What the exercise asks: Starting with the line that holds "This production CQC-7V" and stopping after the line that holds "Sejumlah warga menyelamatkan", repeat the lines below word for word, without the pictures.

Records provided:

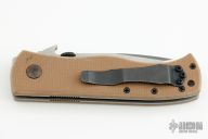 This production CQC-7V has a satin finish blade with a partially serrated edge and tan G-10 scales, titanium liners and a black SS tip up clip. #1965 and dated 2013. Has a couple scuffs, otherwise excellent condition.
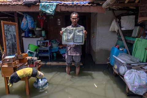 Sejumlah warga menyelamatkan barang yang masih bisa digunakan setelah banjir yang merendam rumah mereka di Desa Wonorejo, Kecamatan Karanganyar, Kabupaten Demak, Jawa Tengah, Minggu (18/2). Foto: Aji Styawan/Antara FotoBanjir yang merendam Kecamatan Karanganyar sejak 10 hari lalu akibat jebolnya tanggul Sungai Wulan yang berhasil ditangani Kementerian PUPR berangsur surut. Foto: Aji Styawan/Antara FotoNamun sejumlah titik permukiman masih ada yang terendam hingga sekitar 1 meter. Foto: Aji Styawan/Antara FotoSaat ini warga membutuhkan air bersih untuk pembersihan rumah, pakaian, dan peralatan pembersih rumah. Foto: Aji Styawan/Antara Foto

==

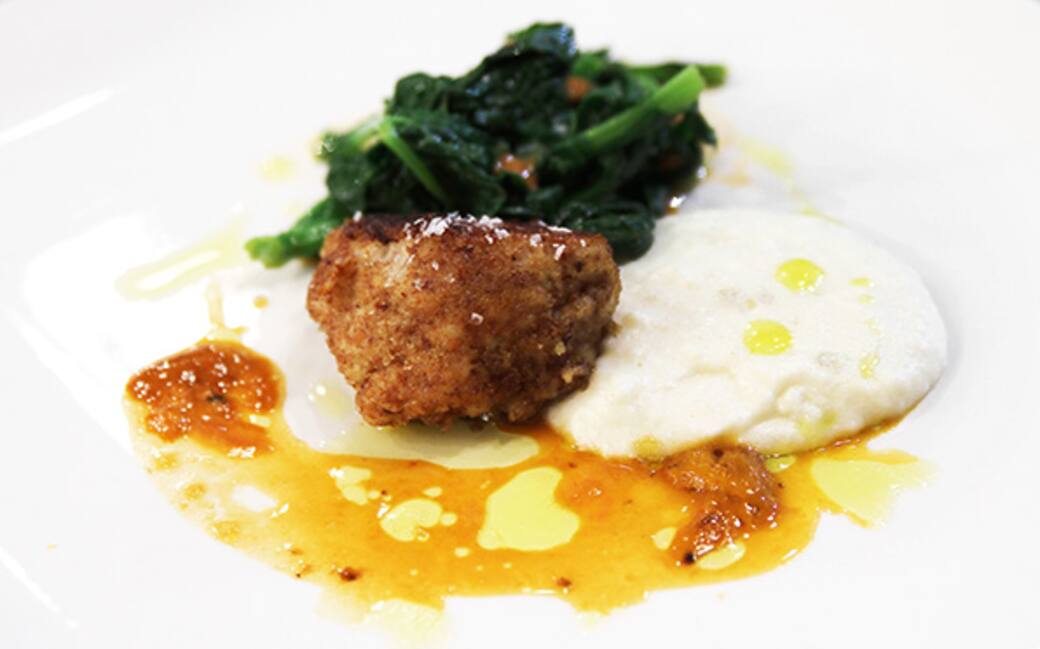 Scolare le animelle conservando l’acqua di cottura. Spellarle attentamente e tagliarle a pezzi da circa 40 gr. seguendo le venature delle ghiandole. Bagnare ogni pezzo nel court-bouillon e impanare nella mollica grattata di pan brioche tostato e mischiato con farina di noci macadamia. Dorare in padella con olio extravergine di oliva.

Result:
 This production CQC-7V has a satin finish blade with a partially serrated edge and tan G-10 scales, titanium liners and a black SS tip up clip. #1965 and dated 2013. Has a couple scuffs, otherwise excellent condition.
 Sejumlah warga menyelamatkan barang yang masih bisa digunakan setelah banjir yang merendam rumah mereka di Desa Wonorejo, Kecamatan Karanganyar, Kabupaten Demak, Jawa Tengah, Minggu (18/2). Foto: Aji Styawan/Antara FotoBanjir yang merendam Kecamatan Karanganyar sejak 10 hari lalu akibat jebolnya tanggul Sungai Wulan yang berhasil ditangani Kementerian PUPR berangsur surut. Foto: Aji Styawan/Antara FotoNamun sejumlah titik permukiman masih ada yang terendam hingga sekitar 1 meter. Foto: Aji Styawan/Antara FotoSaat ini warga membutuhkan air bersih untuk pembersihan rumah, pakaian, dan peralatan pembersih rumah. Foto: Aji Styawan/Antara Foto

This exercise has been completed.